— Work to be completed —
Without changing a thing, reproduce the entire listing and leave out its pictures.

— Data extract —
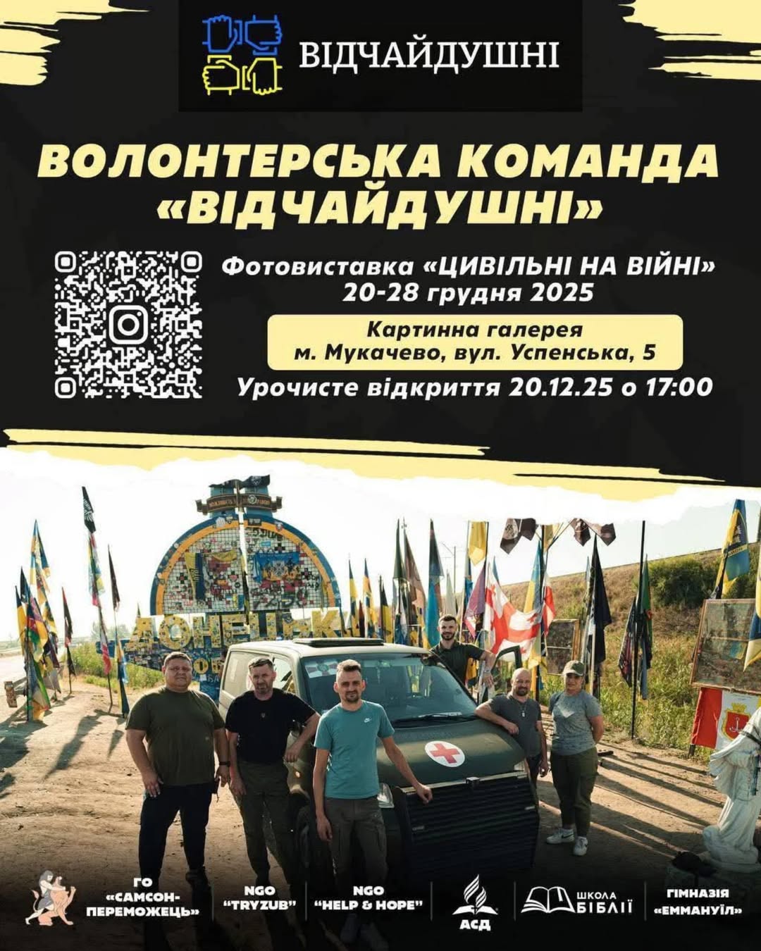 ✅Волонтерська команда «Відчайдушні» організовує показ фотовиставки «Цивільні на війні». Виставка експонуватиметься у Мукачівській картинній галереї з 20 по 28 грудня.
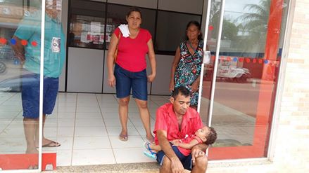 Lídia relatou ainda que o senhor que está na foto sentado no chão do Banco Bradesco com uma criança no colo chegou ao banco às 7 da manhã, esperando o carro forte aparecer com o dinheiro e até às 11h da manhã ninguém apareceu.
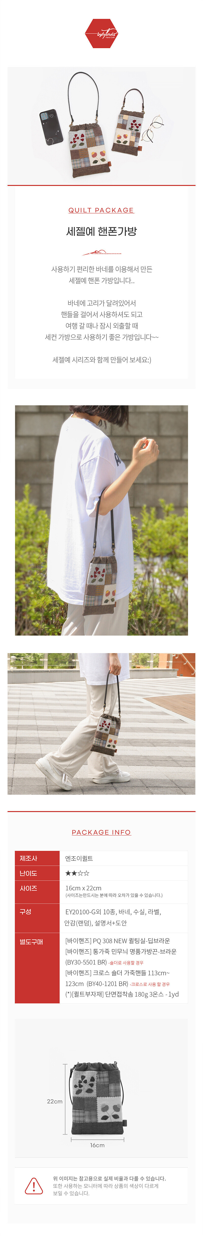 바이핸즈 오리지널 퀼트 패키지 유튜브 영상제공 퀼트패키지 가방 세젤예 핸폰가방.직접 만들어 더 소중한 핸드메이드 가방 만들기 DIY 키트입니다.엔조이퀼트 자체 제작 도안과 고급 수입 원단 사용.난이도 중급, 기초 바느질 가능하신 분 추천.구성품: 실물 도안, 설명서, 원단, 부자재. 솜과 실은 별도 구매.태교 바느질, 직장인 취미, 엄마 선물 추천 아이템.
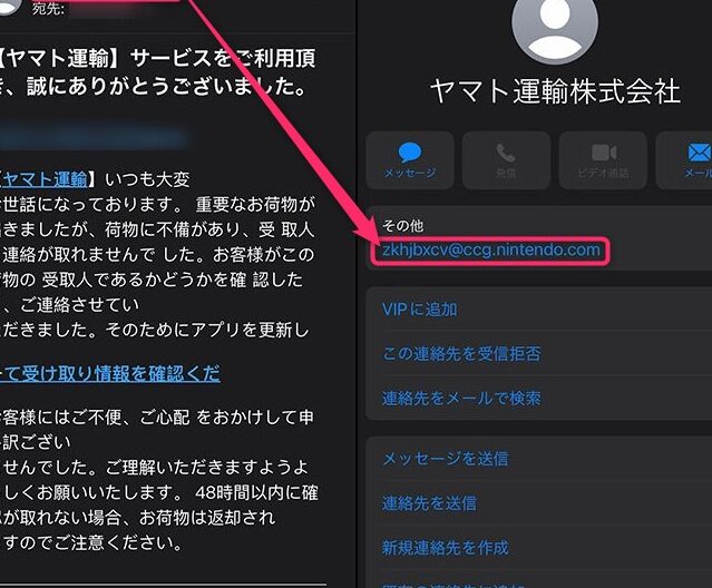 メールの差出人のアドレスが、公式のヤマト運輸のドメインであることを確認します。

— Result —
 ✅Волонтерська команда «Відчайдушні» організовує показ фотовиставки «Цивільні на війні». Виставка експонуватиметься у Мукачівській картинній галереї з 20 по 28 грудня.
 Lídia relatou ainda que o senhor que está na foto sentado no chão do Banco Bradesco com uma criança no colo chegou ao banco às 7 da manhã, esperando o carro forte aparecer com o dinheiro e até às 11h da manhã ninguém apareceu.
 바이핸즈 오리지널 퀼트 패키지 유튜브 영상제공 퀼트패키지 가방 세젤예 핸폰가방.직접 만들어 더 소중한 핸드메이드 가방 만들기 DIY 키트입니다.엔조이퀼트 자체 제작 도안과 고급 수입 원단 사용.난이도 중급, 기초 바느질 가능하신 분 추천.구성품: 실물 도안, 설명서, 원단, 부자재. 솜과 실은 별도 구매.태교 바느질, 직장인 취미, 엄마 선물 추천 아이템.
 メールの差出人のアドレスが、公式のヤマト運輸のドメインであることを確認します。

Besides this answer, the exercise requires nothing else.